After completing tests on the wafer, the wafer is diced into separate chips
and assembled into separate packages. These packaged chips are tested for
defects and then endure burn-in tests lasting approximately two days at
elevated temperatures of 125.degree. C. After passing the burn-in test,
the devices encounter the manufacturer's final tests. These
time-consuming, expensive tests include a pattern disturb test and write
recovery test in addition to other tests. The chip manufacturer ships
passing devices to customers who typically conduct the incoming screening
tests on a sample of the devices. After installing these devices into
memory systems, the customer tests the memory systems. These tests
typically include a second burn-in test.
The testing and manufacturing procedures of the prior art have numerous
disadvantages.
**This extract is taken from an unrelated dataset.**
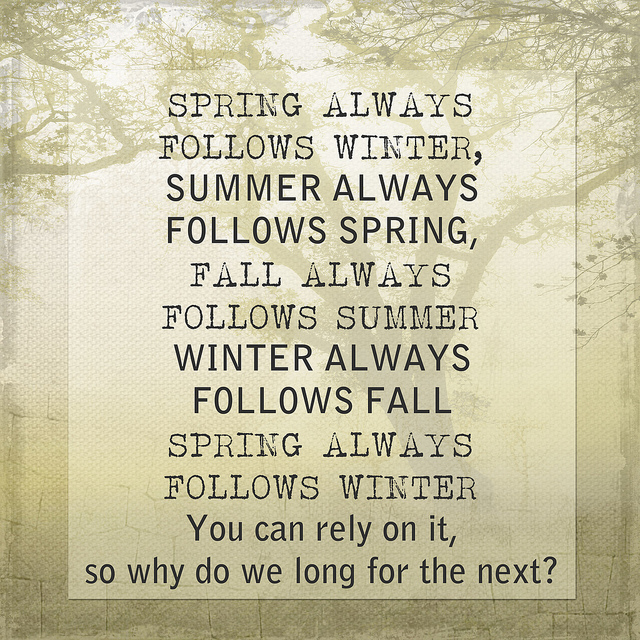 Arrow Prayer 4.13.13 Lord, I suffer from cabin fever every year and it seems to take so long for Spring to get here. I long for those perfect days and when they get here, I feel so blessed, but then they are gone so fast. I often wonder why I spend so much time wishing my days away. Help me to be thankful by the weather every day, regardless of the temperature, the winds, sunny or cloudy, rainy or snowy, or just plain dreary, and live with appreciation in the moment.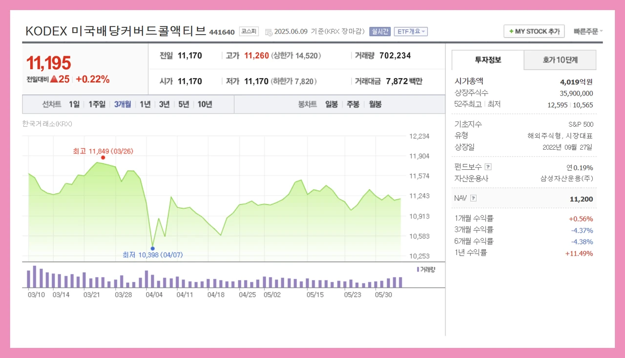 - KODEX 미국배당커버드콜액티브: S&P500 우량주 기반, 옵션수익 추가, 세제 면에서 국내 최고수준

Prior-art procedures use expensive equipment. The prior art
handles the chips extensively and exposes them to electrostatic discharge
and other hostile conditions that cause failures. Additionally, prior-art
procedures inefficiently test for pattern sensitive defects. Pattern
sensitive defects are memory defects that cause failures when the bits
have a particular configuration. The prior art conducts tests for these
pattern sensitive defects by storing every possible combination of ones
and zeros into the memory. Obviously, this procedure is very time
consuming if not impossible. Therefore, prior-art procedures miss some
pattern sensitive defects. These undetected defects will cause system
failures when they occur during field use.
Another disadvantage of prior-art testing and manufacturing procedures is
the limited repair capability. The laser repair procedure of the prior art
can only repair a small number of cell, column, or row defects.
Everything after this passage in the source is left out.